Lo que quiero decir con estas reflexiones es que no se debe rechazar tan a la ligera el programa reduccionista de naturalización del universo. No es este el enemigo del asombro. Mi tesis es que incluso dentro de dicho paradigma hay razones que apuntan a la necesidad de una renovación metodológica si se quiere avanzar en su comprensión física y filosófica. Un universo singularmente bello es aquel al que lleva tiempo apuntando la física contemporánea.
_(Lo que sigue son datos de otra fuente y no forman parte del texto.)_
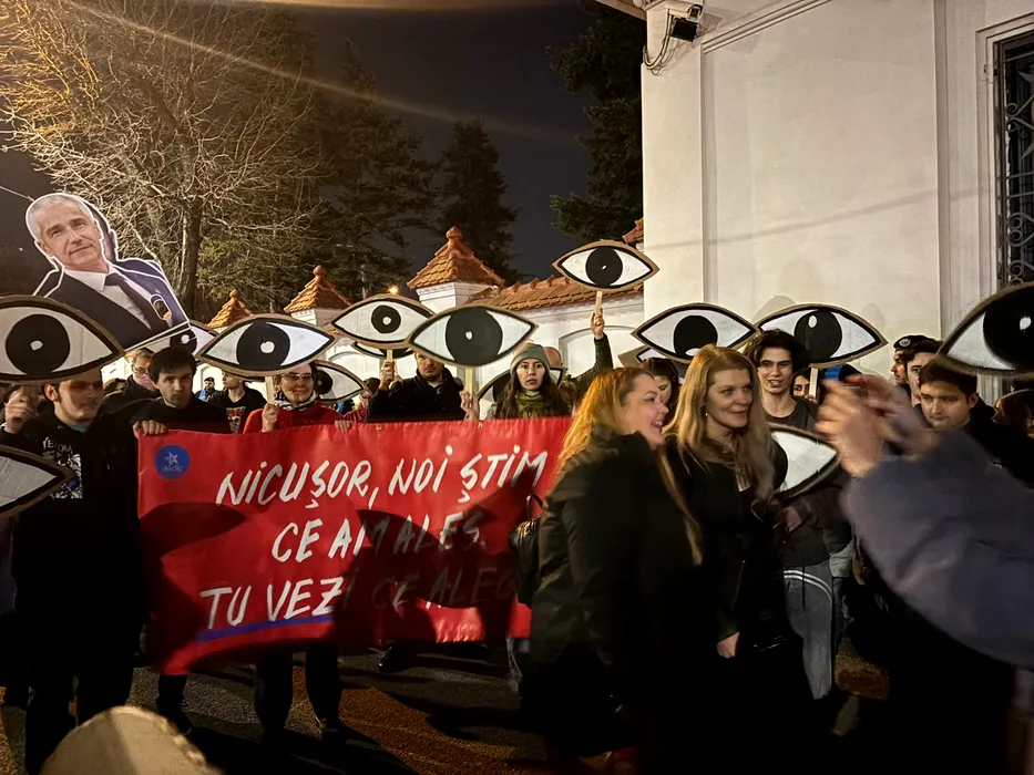 Președintele Nicușor Dan a ieșit în fața Palatului Cotroceni să discute cu protestatarii. Printre aceștia, activiștii de serviciu, Angi Șerban și Marian Rădună, angajat în mai toate acțiunile USR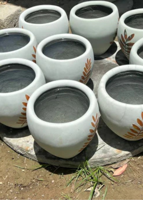 Cement pots are a durable and stylish choice for indoor and outdoor plants. They are made from a mixture of cement, sand, and water and come in a variety of shapes and sizes, from small and simple designs to large and ornate styles.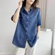 Camicia estiva in tencel blu, sottile in denim, con protezione solare
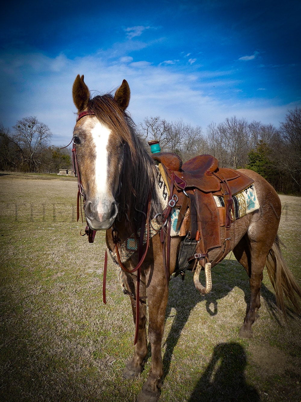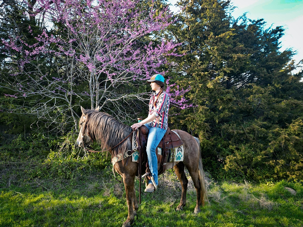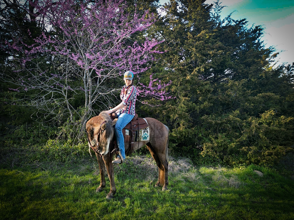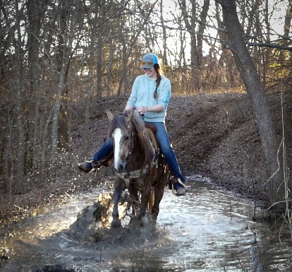 Faith can be ridden bareback or with a saddle and is unfazed by dogs, cats, other horses, cattle, traffic, trains, ATVs, lawnmowers, and four-wheelers. She loads and unloads from a trailer with ease, and she’s a breeze to brush, bathe, saddle, unsaddle, and catch—she’ll even meet you at the gate. She stands quietly for the farrier and has no vices or bad habits.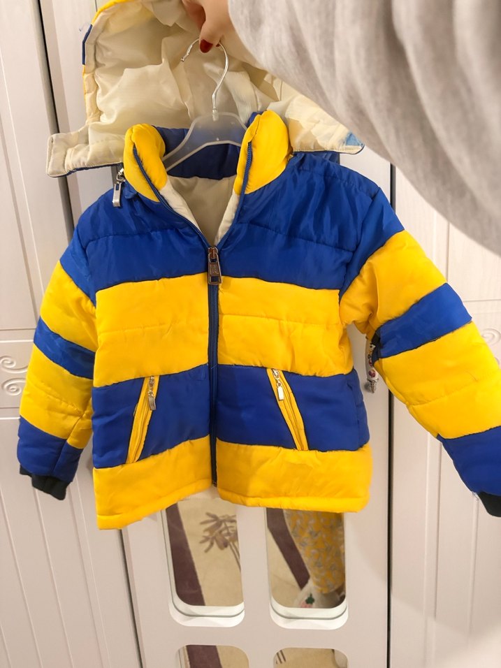 Kapüşonlu Sarı-Mavi Erkek Çocuk Mont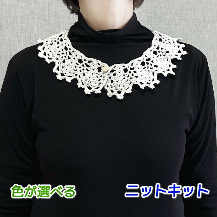 ウォッシャブルが嬉しいウォッシュコットンクロッシェで編むつけ襟のニットキット(編み物キット)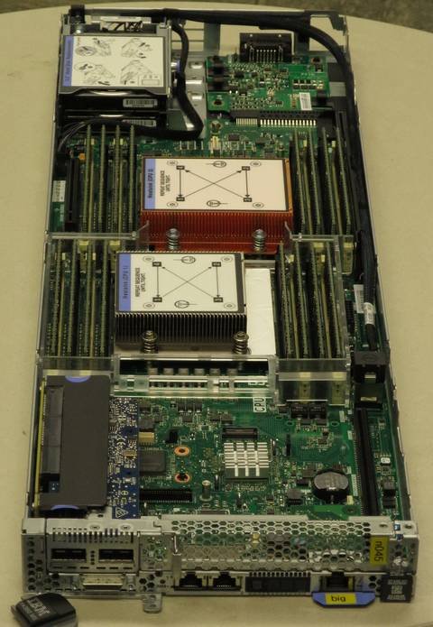 In this inside view from front to back, one can see the main board with the Infiniband mezzanine card (blue, left), the CPU assemblies and memory DIMMs, and the boot disks and power connector of a worker node. Fans and power supplies are not part of the node, but are located in the chassis.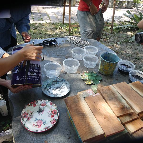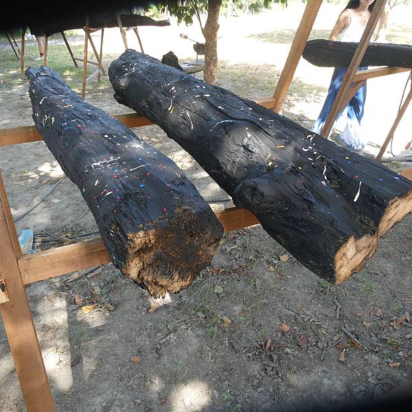 先指導我們要做怎樣的創作,兩人一組一個木頭,我們剛好三人,所以我們創作兩個木頭,先把木頭全部用水性漆塗黑,然後在上面灑上一些其他顏色的原料,成品其實很美的呢!希望我8月19日或8月20日來參加廢廢生活節的時候可以看到我們的集體創作,主辦單位說這個會放在一進來的門口。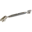 Vantskrue i forkromet bronze med åbne sider. Toggle i ene ende og gaffelterminal i den anden.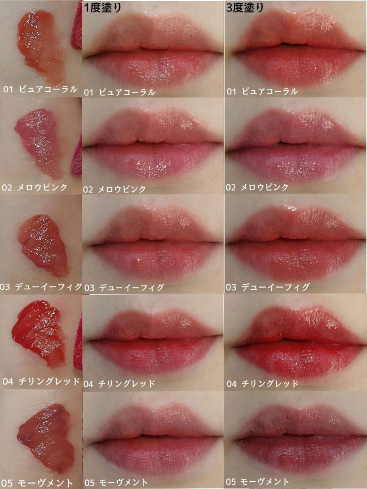 - <ピュアコーラル> 水、トリメチルシロキシフェニルジメチコン、オクチルドデカノール、ダイマージリノール酸ダイマージリノレイルビス(ベヘニル/イソステアリル/フィトステリル)、ポリアミド-8、リンゴ酸ジイソステアリル、ポリソルベート60、BG、セタノール、グリセリン、セスキオレイン酸ソルビタン、変性アルコール、(アクリル酸ヒドロキシエチル/アクリロイルジメチルタウリンNa)コポリマー、ヨーロッパキイチゴ葉エキス、(カプリル酸/カプリン酸)ヤシアルキル、加水分解ヒアルロン酸、(ヒマシ油/IPDI)コポリマー、(カプリル酸/カプリン酸/コハク酸)トリグリセリル、エチルヘキシルグリセリン、トリ(カプリル酸/カプリン酸)グリセリル、カプリリルグリコール、1,2-ヘキサンジオール、トコフェロール、ポリアクリレート-13、ポリイソブテン、テトラ(ジ-t-ブチルヒドロキシヒドロケイヒ酸)ペンタエリスリチル、イソステアリン酸ソルビタン、ポリソルベート20、デヒドロ酢酸、フィチン酸Na、香料、酸化チタン、黄5、赤227、青1 <メロウピンク> 水、トリメチルシロキシフェニルジメチコン、オクチルドデカノール、ダイマージリノール酸ダイマージリノレイルビス(ベヘニル/イソステアリル/フィトステリル)、ポリアミド-8、リンゴ酸ジイソステアリル、ポリソルベート60、BG、セタノール、グリセリン、セスキオレイン酸ソルビタン、変性アルコール、(アクリル酸ヒドロキシエチル/アクリロイルジメチルタウリンNa)コポリマー、ヨーロッパキイチゴ葉エキス、(カプリル酸/カプリン酸)ヤシアルキル、加水分解ヒアルロン酸、(ヒマシ油/IPDI)コポリマー、(カプリル酸/カプリン酸/コハク酸)トリグリセリル、エチルヘキシルグリセリン、トリ(カプリル酸/カプリン酸)グリセリル、カプリリルグリコール、1,2-ヘキサンジオール、トコフェロール、ポリアクリレート-13、ポリイソブテン、テトラ(ジ-t-ブチルヒドロキシヒドロケイヒ酸)ペンタエリスリチル、イソステアリン酸ソルビタン、ポリソルベート20、デヒドロ酢酸、フィチン酸Na、香料、酸化チタン、黄5、赤227、青1 <デューイーフィグ> 水、トリメチルシロキシフェニルジメチコン、オクチルドデカノール、ダイマージリノール酸ダイマージリノレイルビス(ベヘニル/イソステアリル/フィトステリル)、ポリアミド-8、リンゴ酸ジイソステアリル、ポリソルベート60、BG、セタノール、グリセリン、セスキオレイン酸ソルビタン、変性アルコール、(アクリル酸ヒドロキシエチル/アクリロイルジメチルタウリンNa)コポリマー、ヨーロッパキイチゴ葉エキス、(カプリル酸/カプリン酸)ヤシアルキル、加水分解ヒアルロン酸、(ヒマシ油/IPDI)コポリマー、(カプリル酸/カプリン酸/コハク酸)トリグリセリル、エチルヘキシルグリセリン、トリ(カプリル酸/カプリン酸)グリセリル、カプリリルグリコール、1,2-ヘキサンジオール、トコフェロール、ポリアクリレート-13、ポリイソブテン、テトラ(ジ-t-ブチルヒドロキシヒドロケイヒ酸)ペンタエリスリチル、イソステアリン酸ソルビタン、ポリソルベート20、デヒドロ酢酸、フィチン酸Na、香料、酸化チタン、黄5、赤227、青1 <チリングレッド> 水、トリメチルシロキシフェニルジメチコン、オクチルドデカノール、ダイマージリノール酸ダイマージリノレイルビス(ベヘニル/イソステアリル/フィトステリル)、ポリアミド-8、リンゴ酸ジイソステアリル、ポリソルベート60、BG、セタノール、グリセリン、セスキオレイン酸ソルビタン、変性アルコール、(アクリル酸ヒドロキシエチル/アクリロイルジメチルタウリンNa)コポリマー、ヨーロッパキイチゴ葉エキス、(カプリル酸/カプリン酸)ヤシアルキル、加水分解ヒアルロン酸、(ヒマシ油/IPDI)コポリマー、(カプリル酸/カプリン酸/コハク酸)トリグリセリル、エチルヘキシルグリセリン、トリ(カプリル酸/カプリン酸)グリセリル、カプリリルグリコール、1,2-ヘキサンジオール、トコフェロール、ポリアクリレート-13、ポリイソブテン、テトラ(ジ-t-ブチルヒドロキシヒドロケイヒ酸)ペンタエリスリチル、イソステアリン酸ソルビタン、ポリソルベート20、デヒドロ酢酸、フィチン酸Na、香料、黄5、赤227、青1 <モーヴメント> 水、トリメチルシロキシフェニルジメチコン、オクチルドデカノール、ダイマージリノール酸ダイマージリノレイルビス(ベヘニル/イソステアリル/フィトステリル)、ポリアミド-8、リンゴ酸ジイソステアリル、ポリソルベート60、BG、セタノール、グリセリン、セスキオレイン酸ソルビタン、変性アルコール、(アクリル酸ヒドロキシエチル/アクリロイルジメチルタウリンNa)コポリマー、ヨーロッパキイチゴ葉エキス、(カプリル酸/カプリン酸)ヤシアルキル、加水分解ヒアルロン酸、(ヒマシ油/IPDI)コポリマー、(カプリル酸/カプリン酸/コハク酸)トリグリセリル、エチルヘキシルグリセリン、トリ(カプリル酸/カプリン酸)グリセリル、カプリリルグリコール、1,2-ヘキサンジオール、トコフェロ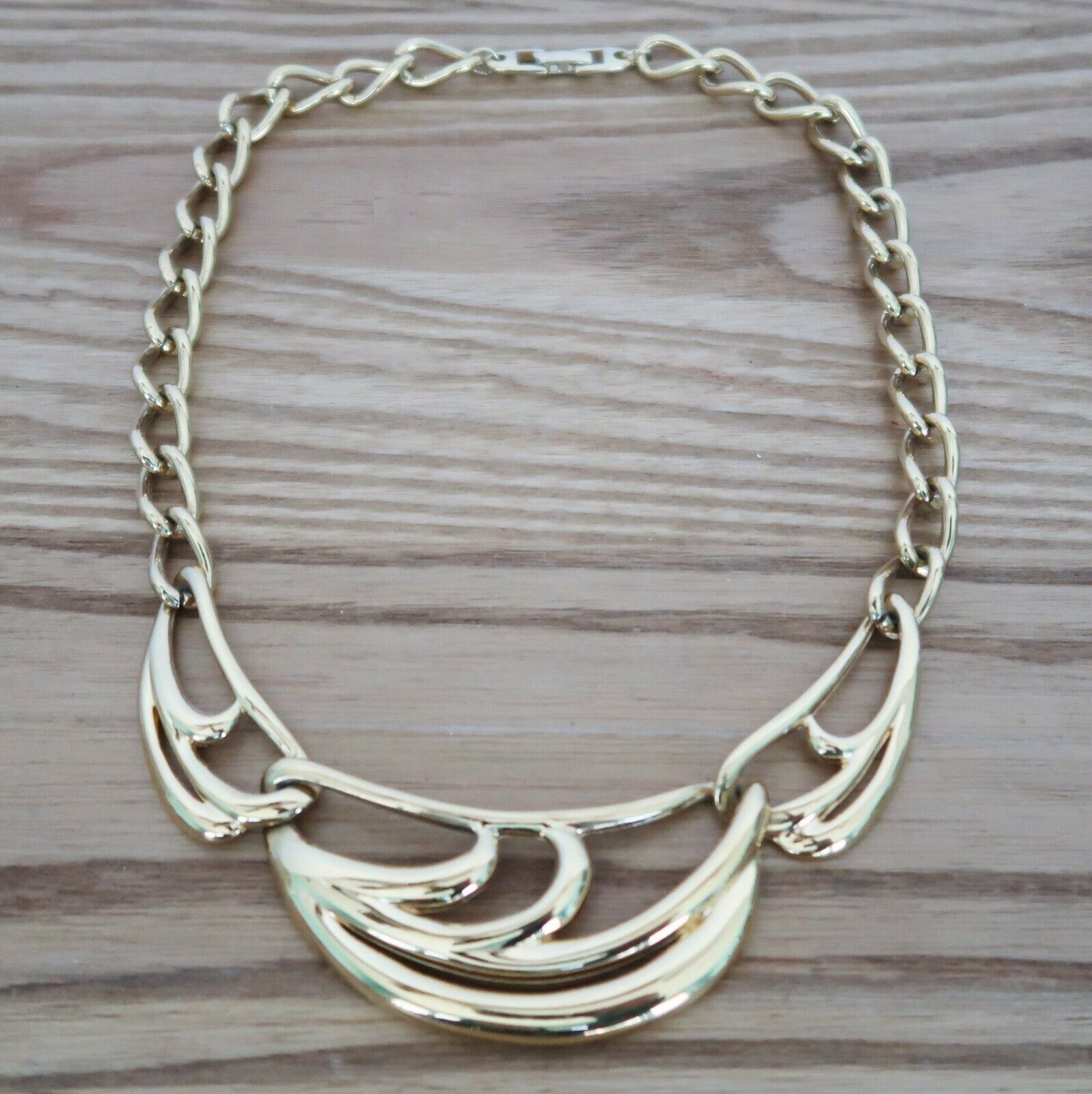 Vtg Napier gold tone princess length bib collar necklace w/ scrollwork center

A este respecto, me permito subrayar los recientes comentarios del físico Frank Wilczek, galardonado con el Premio Templeton 2022. Solo hace falta que la filosofía de la naturaleza y las humanidades recojan el guante, no rechacen el terreno donde se juega este partido y hagan gala de su mejor capacidad crítica para recuperar el asombro como punto de partida que también brinda la física.

El diálogo entre ciencia y humanidades a partir de la belleza puede ayudar a crear el tipo de amistad intelectual que nuestra sociedad necesita. Precisamente nos recuerda la urgencia de esta colaboración la presente “convicción de que, además de los desarrollos científicos especializados, es necesaria la comunicación entre disciplinas, puesto que la realidad es una, aunque pueda ser abordada desde distintas perspectivas y con diferentes metodologías” (Fratelli tutti, n. 204). Se trata entonces de promover la amistad intelectual entre aquellas disciplinas que creen en la verdad y en que el hombre puede encontrarla y asombrase ante ella. Quizás nuestra época de la “posverdad”, ayuna de referencias firmes, permita el renovado encuentro entre estos ámbitos del conocimiento humano que nunca debieron enfrentarse, que deberían profesar una mutua admiración, y continúan estando llamados a servirse entre sí.